**Source data:**
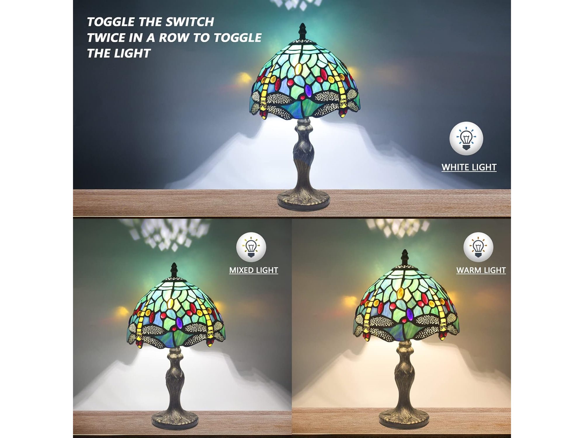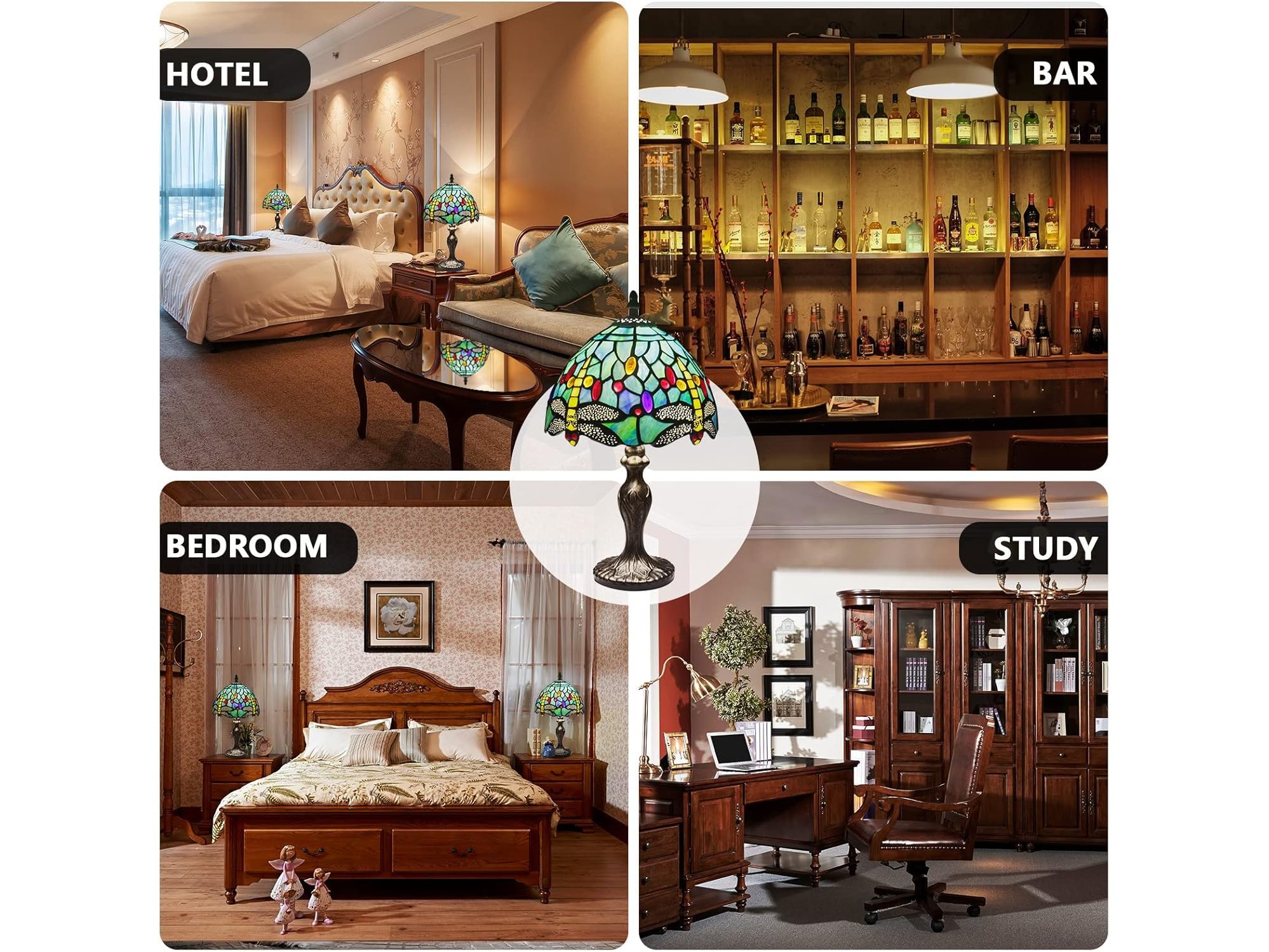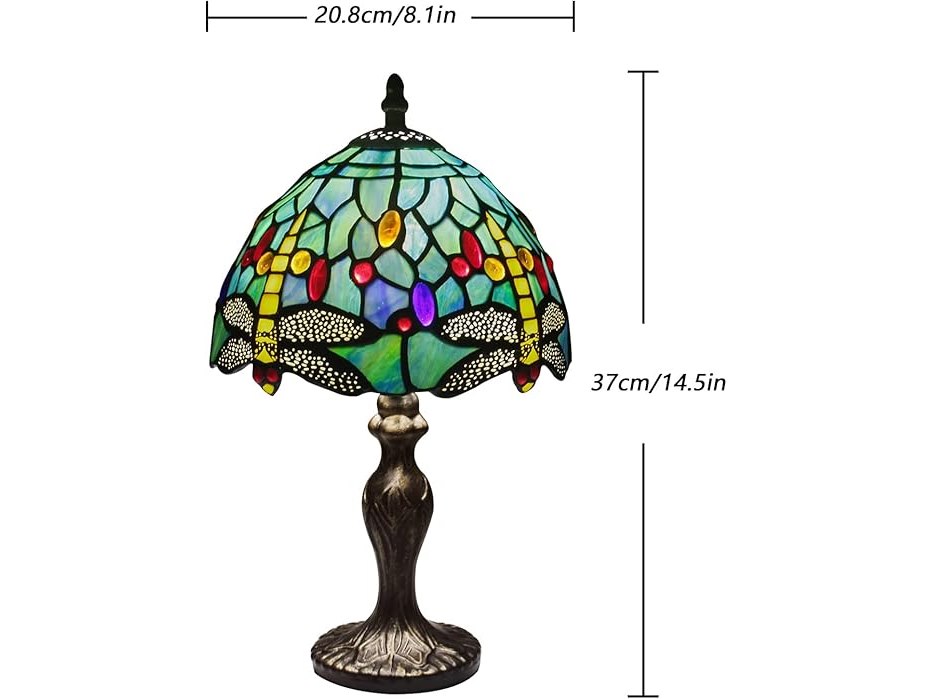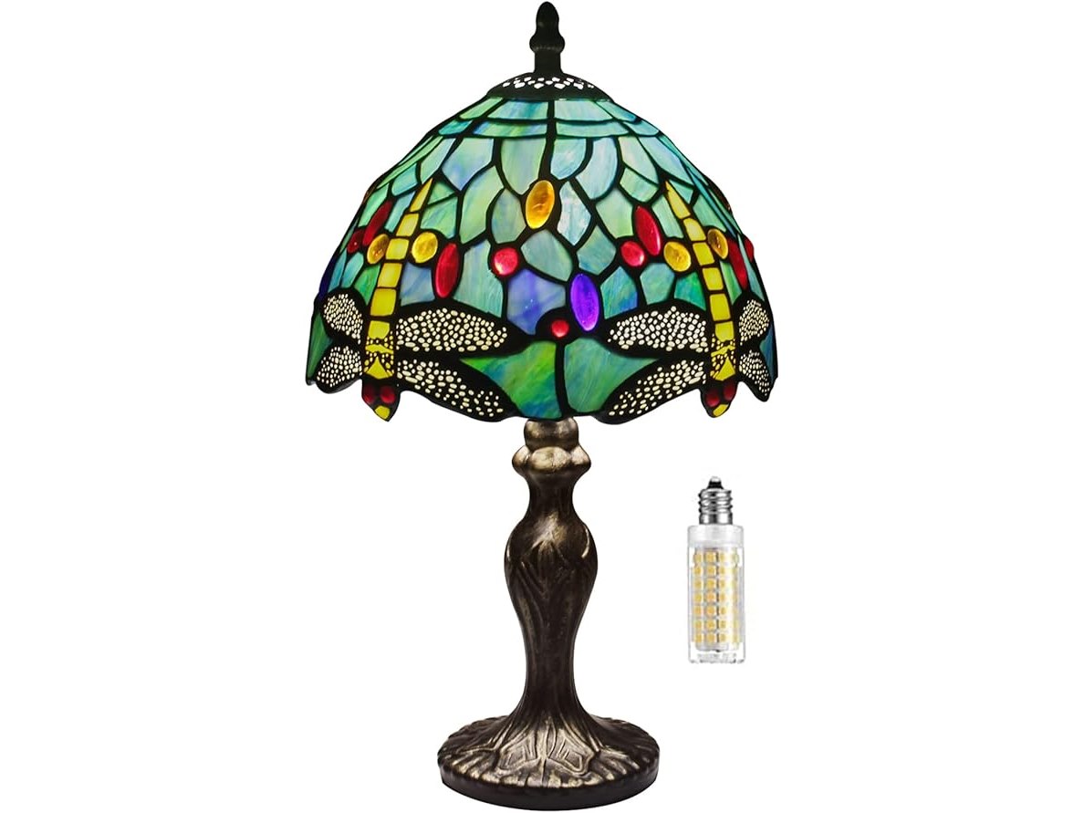 Ongebruikt, getest en werkend, ok, MIAOKE Tiffany Tafellamp, vintage stijl, handbeschilderde glazen tafellamp, voor slaapkamer, kantoor, groene libel, B09XQVBS1V
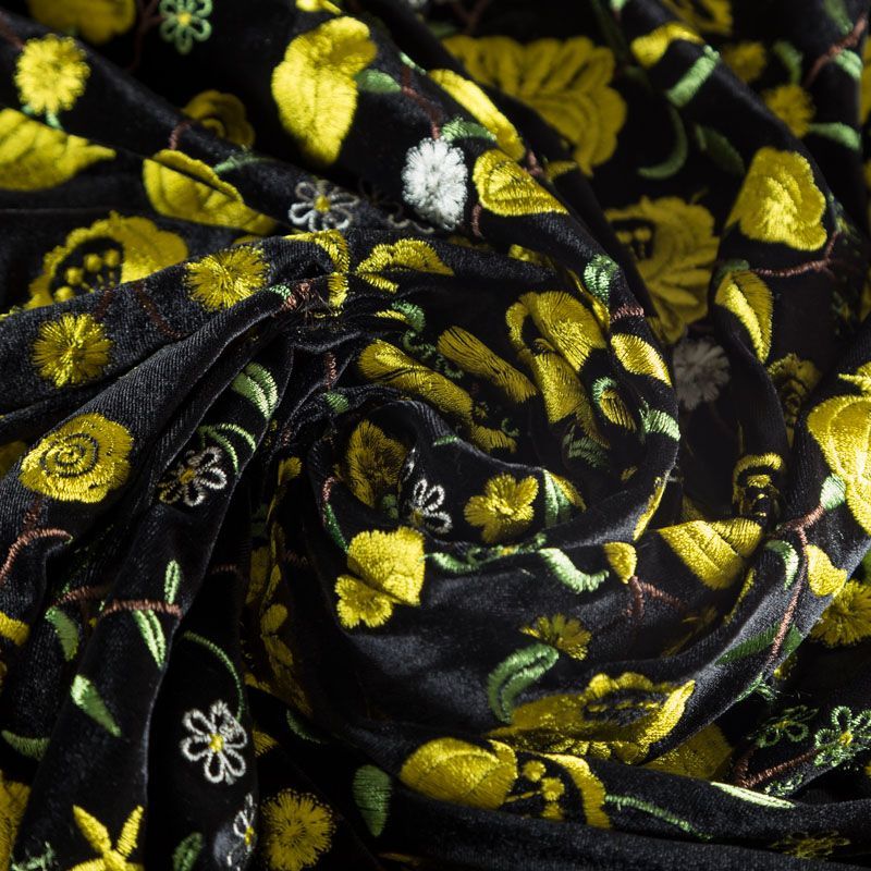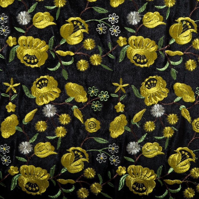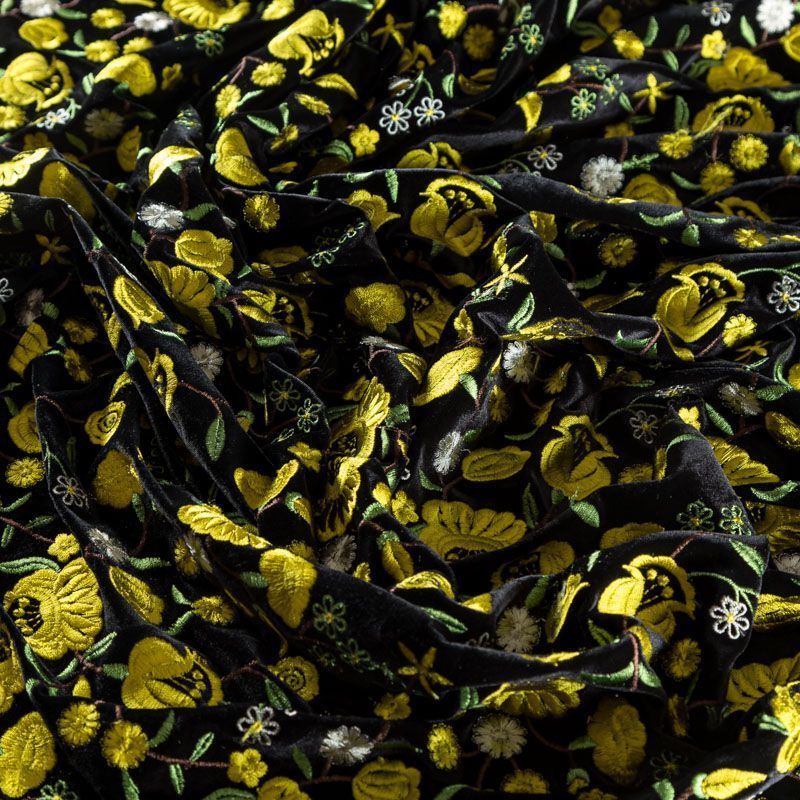 Итальянский бархат черного цвета, декорирован вышивкой фантазийными цветами в желтых оттенках, расположенной по всему полотну.  Ткань приятная на ощупь, хорошо драпируется и держит форму, обладает благородным блеском, тянется за счет эластана в составе. Прекрасно подойдет для жакета, юбки, костюма, жилета, платья.
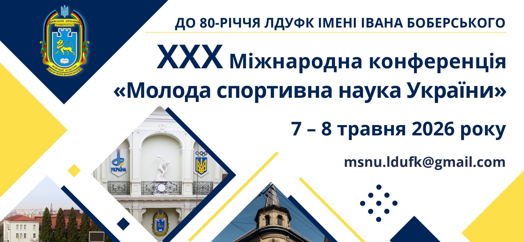 МІНІСТЕРСТВО Молоді та спорту УКРАЇНИ ЛЬВІВСЬКИЙ ДЕРЖАВНИЙ УНІВЕРСИТЕТ ФІЗИЧНОЇ КУЛЬТУРИ імені Івана Боберського 07 – 08 травня 2026 року XXХ Наукова конференція «Молода спортивна наука України» до 80-річчя ЛДУФК імені Івана Боберського ...
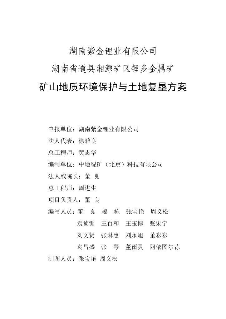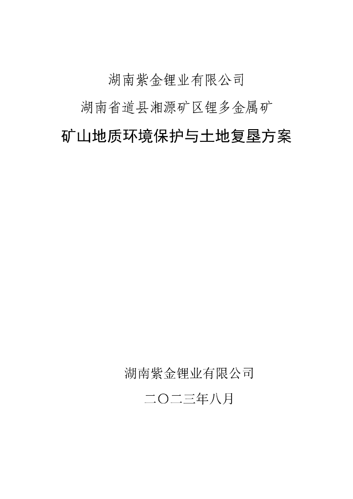 湖南紫金锂业有限公司湖南省道县湘源矿区锂多金属矿矿山地质环境保护与土地复垦方案.pdf
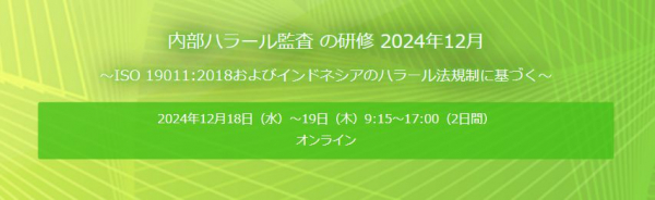 【矢野経済研究所 研修】インドネシア政府公認研修「内部ハラール監査の研修」12/18〜19 オンライン開催
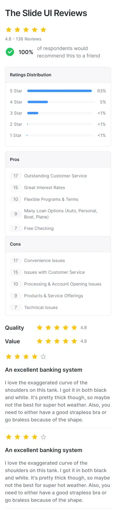 Trust-building review blocks that show user feedback, star ratings, or real testimonials with proof elements.
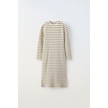 Çizgili Kız Çocuk Uzun Elbise KREM
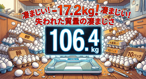 スーパーで買い足した卵の重さを感じるたびに、これだけの重量(卵約300個分!)を脱ぎ捨てた自分に驚きを隠せません。
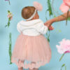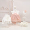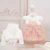 Compleul conține 4 piese: rochiță cu mânecă scurtă, bentiță, bolero, chiloței gogoșari.
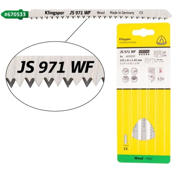 JS 971 WF keyhole saw blades 132 x 8 x 1,45 mm. Engineered for maximum cut rate and long life, trusted by professionals in workshops and on-site jobs.
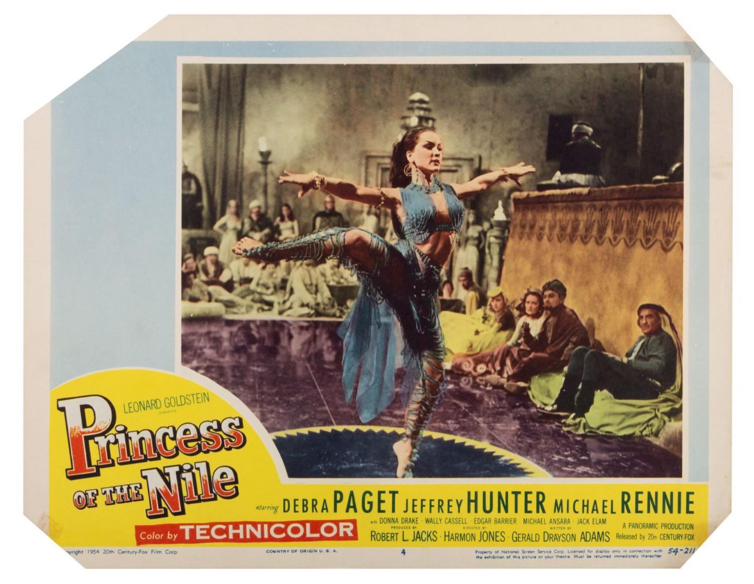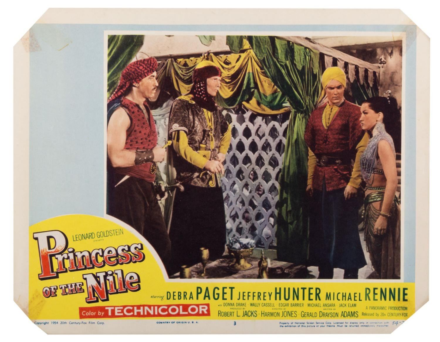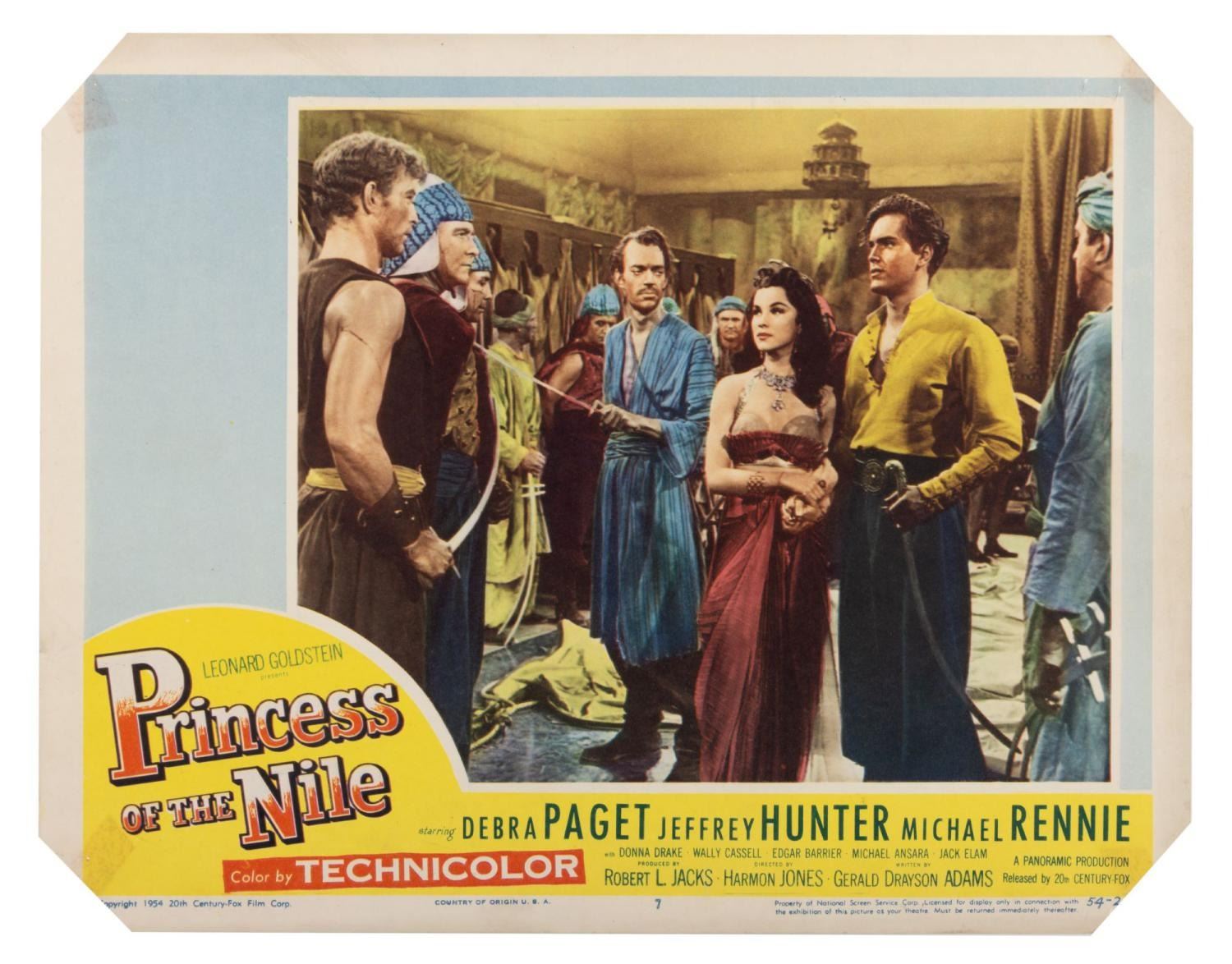(20th Century Fox, 1954) A collection of five lobby cards for "Princess of the Nile" starring Debra Paget. Measuring 11" x 14" the cards are in fair condition with adhesive tape and adhesive residue, cut corners and soiling.

**Task to carry out:** Output only the lines above from the line that holds "Итальянский бархат черного" through the line that holds "スーパーで買い足した卵の重さ", both ends included, and exclude pictures.

**Answer to the problem:**
 Итальянский бархат черного цвета, декорирован вышивкой фантазийными цветами в желтых оттенках, расположенной по всему полотну.  Ткань приятная на ощупь, хорошо драпируется и держит форму, обладает благородным блеском, тянется за счет эластана в составе. Прекрасно подойдет для жакета, юбки, костюма, жилета, платья.
 МІНІСТЕРСТВО Молоді та спорту УКРАЇНИ ЛЬВІВСЬКИЙ ДЕРЖАВНИЙ УНІВЕРСИТЕТ ФІЗИЧНОЇ КУЛЬТУРИ імені Івана Боберського 07 – 08 травня 2026 року XXХ Наукова конференція «Молода спортивна наука України» до 80-річчя ЛДУФК імені Івана Боберського ...
 湖南紫金锂业有限公司湖南省道县湘源矿区锂多金属矿矿山地质环境保护与土地复垦方案.pdf
 【矢野経済研究所 研修】インドネシア政府公認研修「内部ハラール監査の研修」12/18〜19 オンライン開催
 Trust-building review blocks that show user feedback, star ratings, or real testimonials with proof elements.
 Çizgili Kız Çocuk Uzun Elbise KREM
 スーパーで買い足した卵の重さを感じるたびに、これだけの重量(卵約300個分!)を脱ぎ捨てた自分に驚きを隠せません。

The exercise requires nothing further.